====== MATERIAL SUPPLIED ======
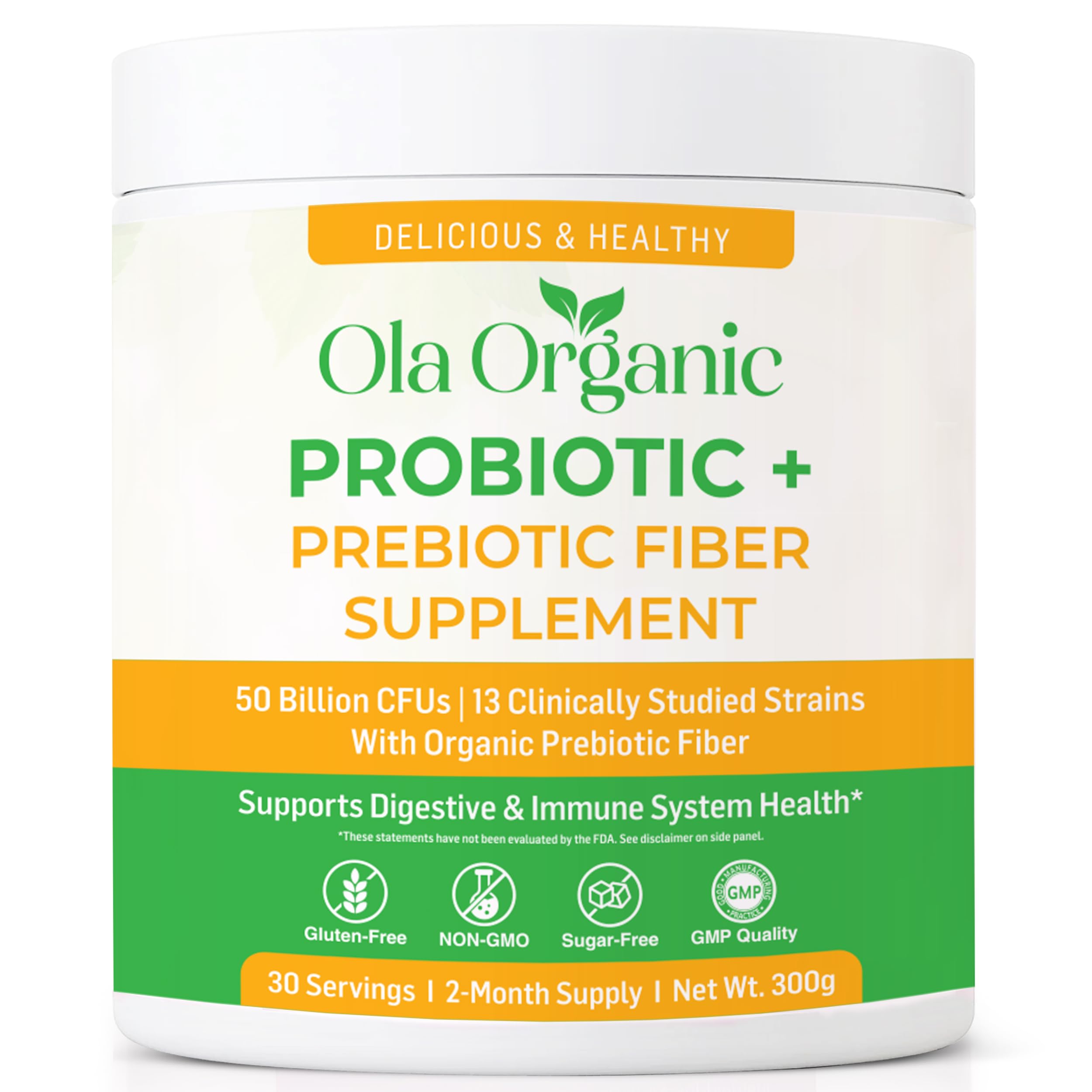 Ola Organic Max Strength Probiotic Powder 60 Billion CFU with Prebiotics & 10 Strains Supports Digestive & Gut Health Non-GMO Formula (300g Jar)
======
====== MATERIAL SUPPLIED ======
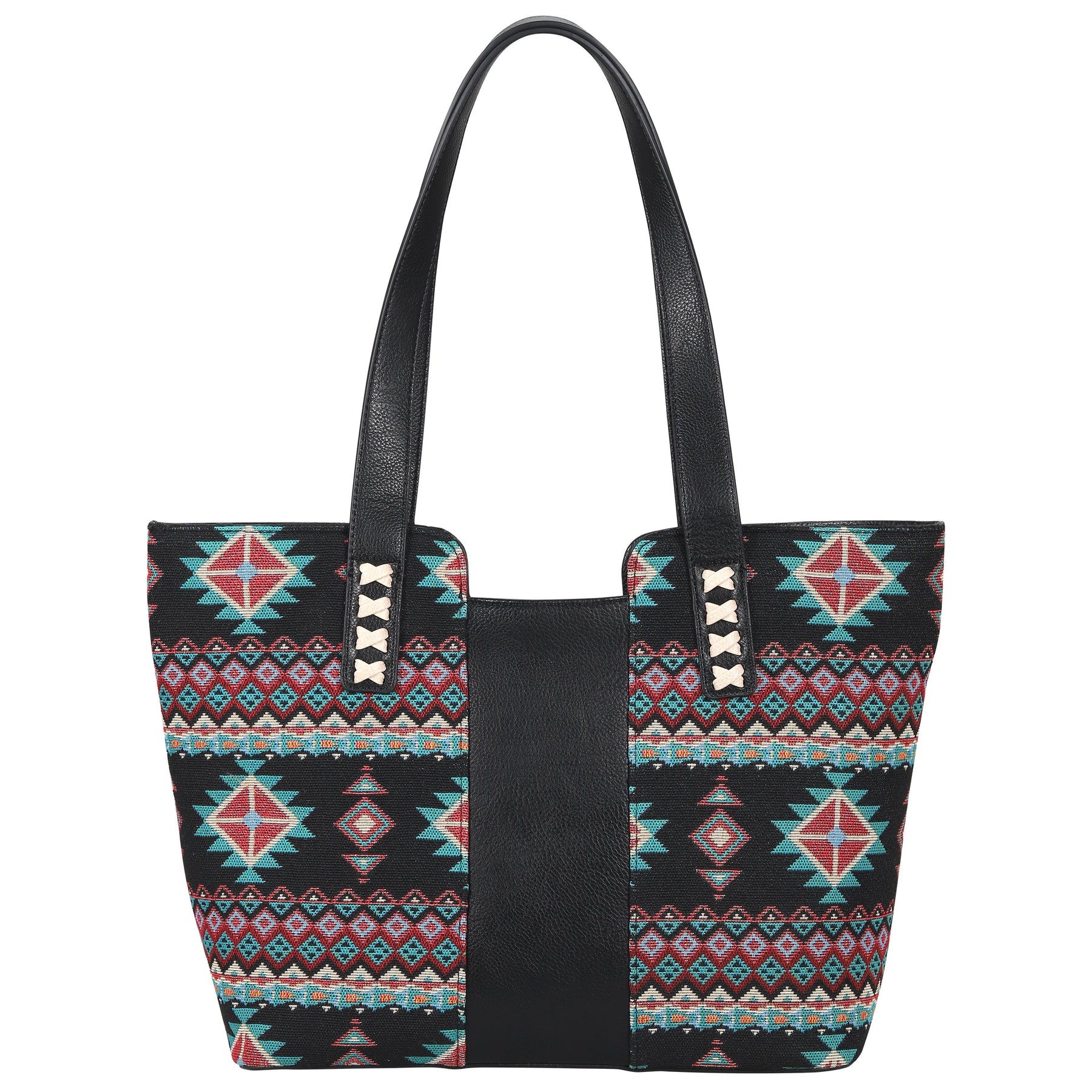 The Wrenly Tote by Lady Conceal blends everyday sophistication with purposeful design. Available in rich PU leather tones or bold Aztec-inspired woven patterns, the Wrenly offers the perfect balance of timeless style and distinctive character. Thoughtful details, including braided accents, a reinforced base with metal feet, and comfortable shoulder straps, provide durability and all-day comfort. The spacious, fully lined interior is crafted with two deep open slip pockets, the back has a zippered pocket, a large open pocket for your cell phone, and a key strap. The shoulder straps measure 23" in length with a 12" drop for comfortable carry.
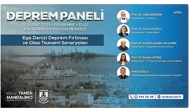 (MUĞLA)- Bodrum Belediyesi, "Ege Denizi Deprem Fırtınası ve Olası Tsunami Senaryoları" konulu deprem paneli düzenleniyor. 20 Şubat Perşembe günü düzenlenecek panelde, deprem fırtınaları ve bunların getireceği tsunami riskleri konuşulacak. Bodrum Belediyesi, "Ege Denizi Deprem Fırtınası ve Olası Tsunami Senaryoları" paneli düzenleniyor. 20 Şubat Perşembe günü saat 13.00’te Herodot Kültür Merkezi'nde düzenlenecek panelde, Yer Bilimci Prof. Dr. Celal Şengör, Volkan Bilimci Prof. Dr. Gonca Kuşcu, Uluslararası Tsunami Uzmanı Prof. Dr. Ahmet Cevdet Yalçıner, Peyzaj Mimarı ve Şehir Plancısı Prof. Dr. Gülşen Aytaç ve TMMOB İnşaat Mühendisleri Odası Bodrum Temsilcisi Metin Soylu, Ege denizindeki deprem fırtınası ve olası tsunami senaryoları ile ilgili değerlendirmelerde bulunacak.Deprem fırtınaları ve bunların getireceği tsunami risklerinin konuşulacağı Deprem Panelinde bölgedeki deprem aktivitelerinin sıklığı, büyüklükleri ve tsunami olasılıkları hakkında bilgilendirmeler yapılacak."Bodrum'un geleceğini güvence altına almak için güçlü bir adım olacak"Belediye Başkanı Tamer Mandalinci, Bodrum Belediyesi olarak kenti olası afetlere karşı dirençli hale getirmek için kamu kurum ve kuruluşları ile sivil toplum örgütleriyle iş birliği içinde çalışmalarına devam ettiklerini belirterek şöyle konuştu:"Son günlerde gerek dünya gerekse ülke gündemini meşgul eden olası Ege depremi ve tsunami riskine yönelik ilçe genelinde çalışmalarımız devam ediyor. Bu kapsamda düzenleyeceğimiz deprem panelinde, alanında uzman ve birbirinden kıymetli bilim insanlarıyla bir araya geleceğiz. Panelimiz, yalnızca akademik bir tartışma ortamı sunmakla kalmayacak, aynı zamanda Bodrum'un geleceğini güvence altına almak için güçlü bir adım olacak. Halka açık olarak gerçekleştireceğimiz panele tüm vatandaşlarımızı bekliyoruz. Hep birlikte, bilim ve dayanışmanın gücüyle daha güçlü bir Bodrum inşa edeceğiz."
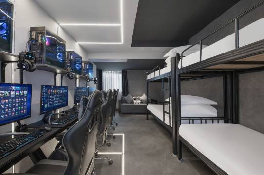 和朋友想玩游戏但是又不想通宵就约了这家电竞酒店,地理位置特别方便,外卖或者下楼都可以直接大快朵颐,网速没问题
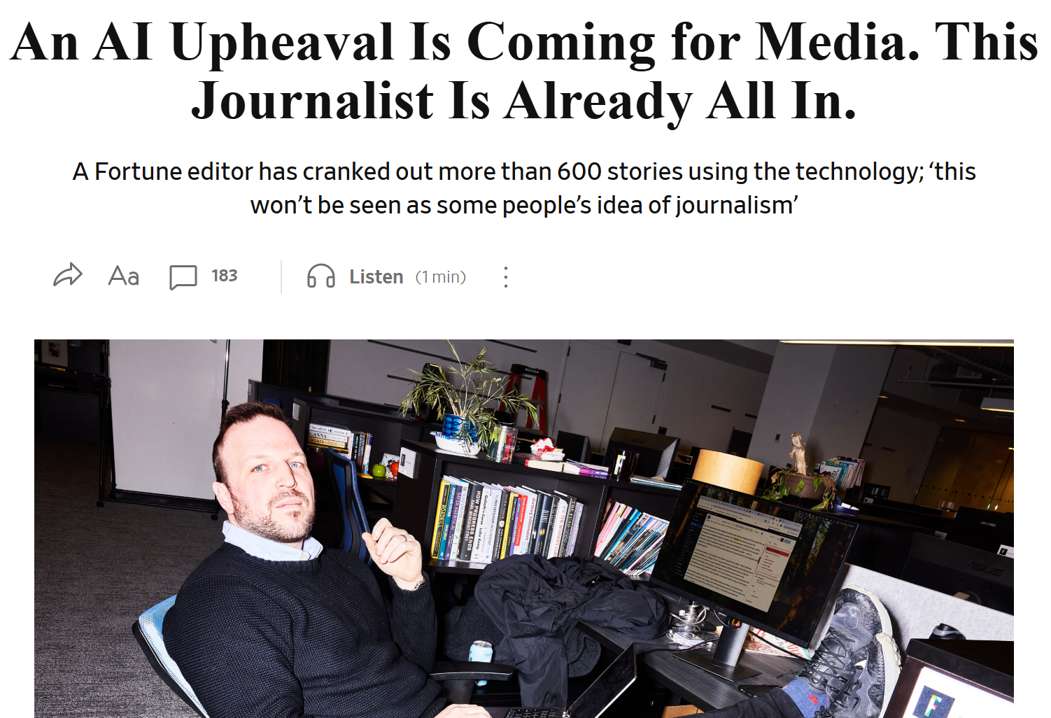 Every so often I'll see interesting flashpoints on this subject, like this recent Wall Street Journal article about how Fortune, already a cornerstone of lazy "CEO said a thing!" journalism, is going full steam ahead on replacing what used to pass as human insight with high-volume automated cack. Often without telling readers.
======
====== MATERIAL SUPPLIED ======
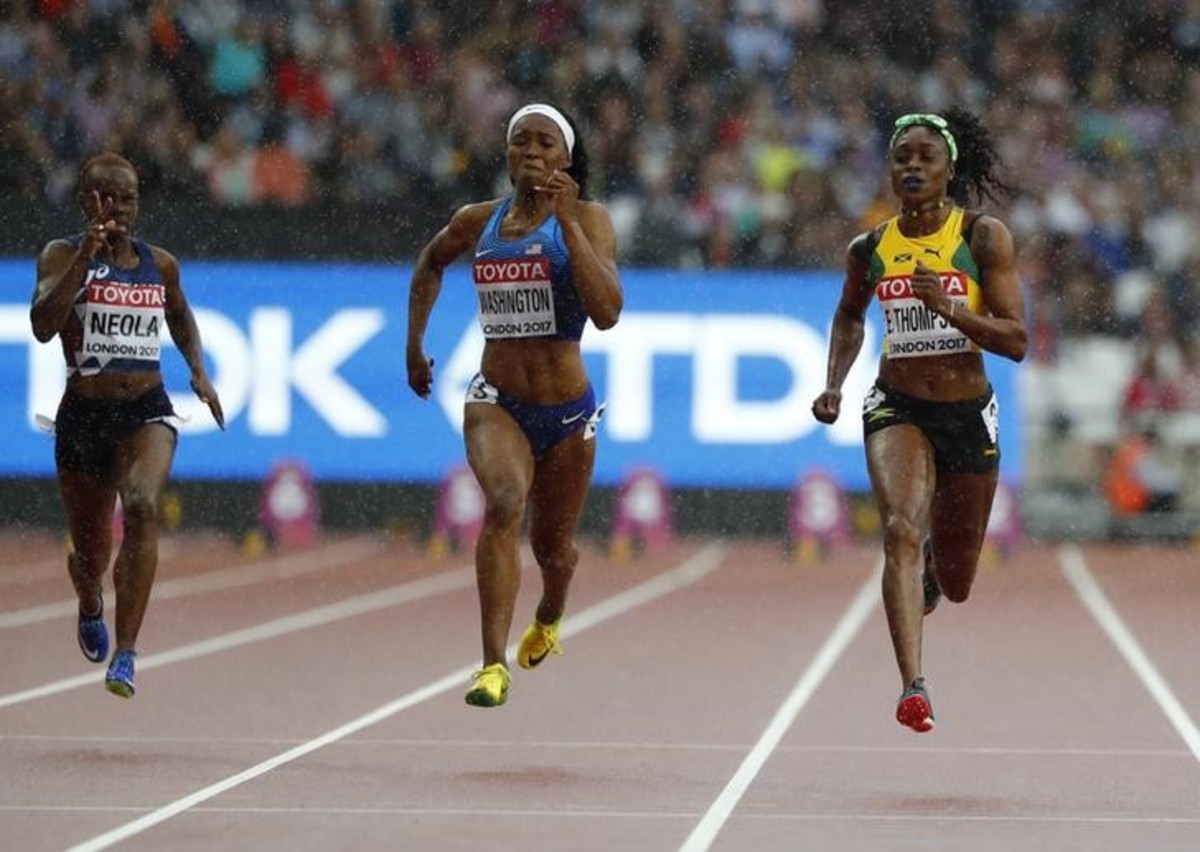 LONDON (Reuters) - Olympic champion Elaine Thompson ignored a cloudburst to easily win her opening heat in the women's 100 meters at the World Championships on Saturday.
======
▶ WHAT THE EXERCISE ASKS
When copying from the data above, begin at the line containing "和朋友想玩游戏但是又不想通宵" and end at the line containing "Every so often"; return those lines exactly and leave all pictures behind.

▶ EXPECTED ANSWER
 和朋友想玩游戏但是又不想通宵就约了这家电竞酒店,地理位置特别方便,外卖或者下楼都可以直接大快朵颐,网速没问题
 Every so often I'll see interesting flashpoints on this subject, like this recent Wall Street Journal article about how Fortune, already a cornerstone of lazy "CEO said a thing!" journalism, is going full steam ahead on replacing what used to pass as human insight with high-volume automated cack. Often without telling readers.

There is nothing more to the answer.